Show me each line of the listing below where the word "black" appears.

Given records:
==*==
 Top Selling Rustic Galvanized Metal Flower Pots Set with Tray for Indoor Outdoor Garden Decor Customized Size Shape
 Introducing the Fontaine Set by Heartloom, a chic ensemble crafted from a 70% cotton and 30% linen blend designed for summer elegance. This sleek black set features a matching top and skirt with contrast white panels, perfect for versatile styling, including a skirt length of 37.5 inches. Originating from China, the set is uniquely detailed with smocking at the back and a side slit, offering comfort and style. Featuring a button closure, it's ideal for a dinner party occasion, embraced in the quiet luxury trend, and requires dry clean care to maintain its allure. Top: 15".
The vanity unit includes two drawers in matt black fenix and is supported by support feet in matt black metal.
==*==
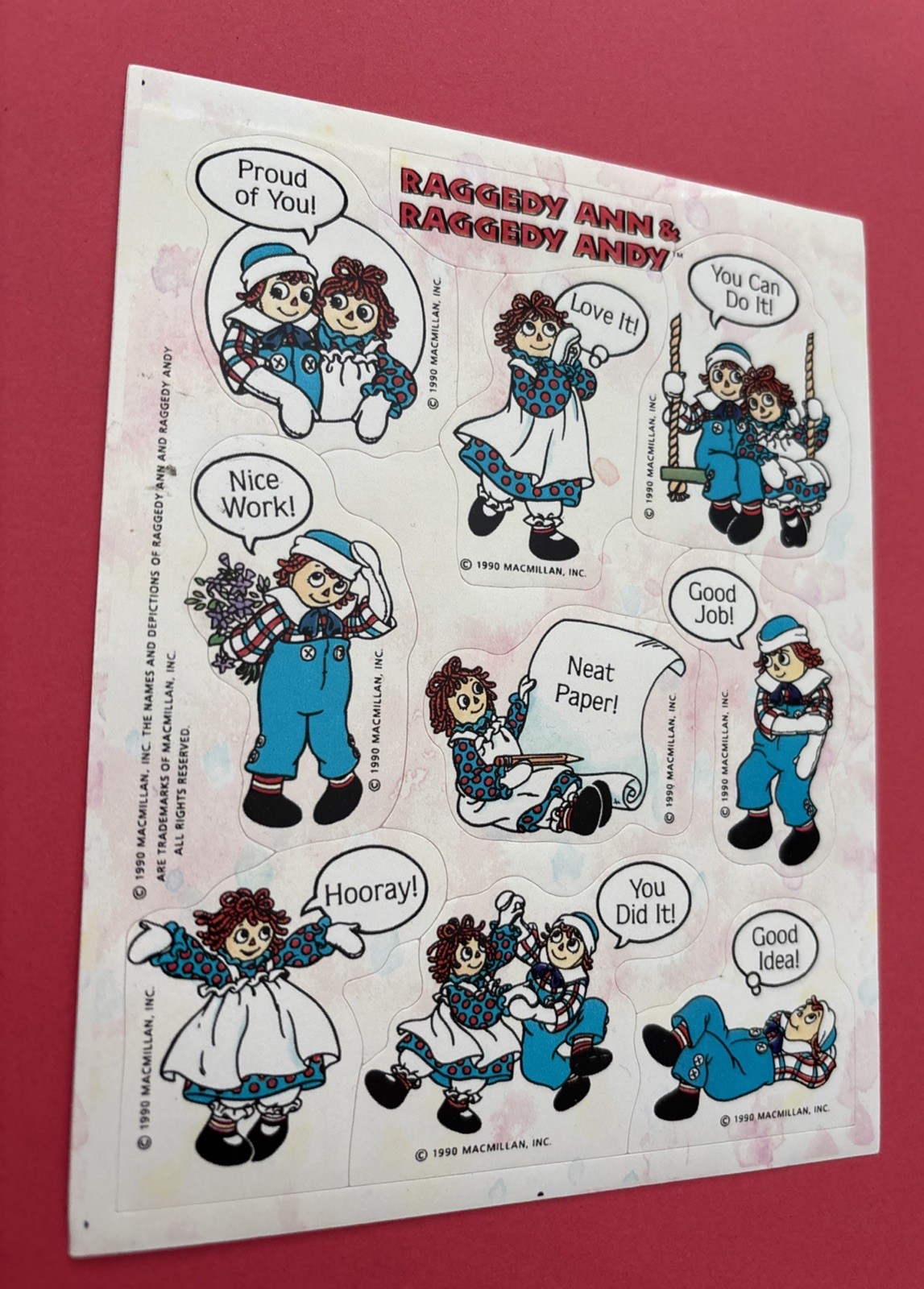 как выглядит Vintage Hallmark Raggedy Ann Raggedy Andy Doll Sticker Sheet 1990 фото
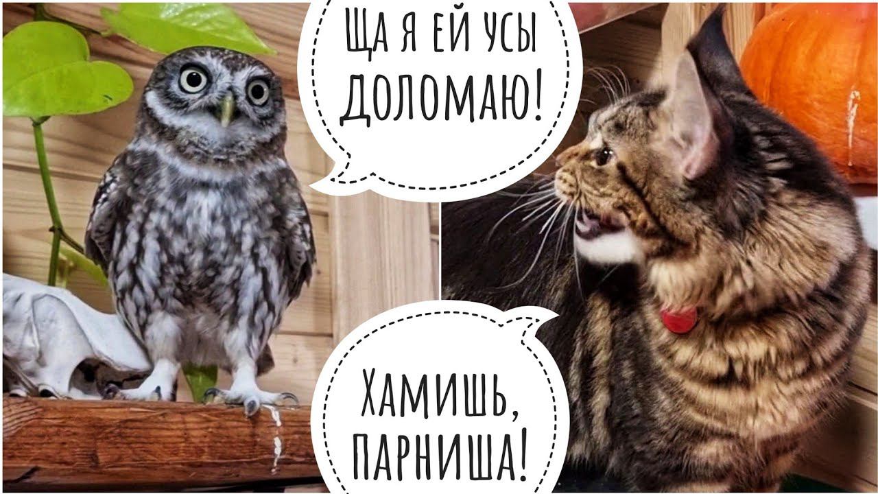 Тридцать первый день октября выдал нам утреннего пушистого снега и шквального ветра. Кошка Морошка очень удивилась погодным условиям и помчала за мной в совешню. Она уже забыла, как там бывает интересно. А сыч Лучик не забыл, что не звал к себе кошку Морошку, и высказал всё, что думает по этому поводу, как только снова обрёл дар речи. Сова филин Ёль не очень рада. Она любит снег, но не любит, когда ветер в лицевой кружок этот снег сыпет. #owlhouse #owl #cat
==*==
Your solution:
 Introducing the Fontaine Set by Heartloom, a chic ensemble crafted from a 70% cotton and 30% linen blend designed for summer elegance. This sleek black set features a matching top and skirt with contrast white panels, perfect for versatile styling, including a skirt length of 37.5 inches. Originating from China, the set is uniquely detailed with smocking at the back and a side slit, offering comfort and style. Featuring a button closure, it's ideal for a dinner party occasion, embraced in the quiet luxury trend, and requires dry clean care to maintain its allure. Top: 15".
The vanity unit includes two drawers in matt black fenix and is supported by support feet in matt black metal.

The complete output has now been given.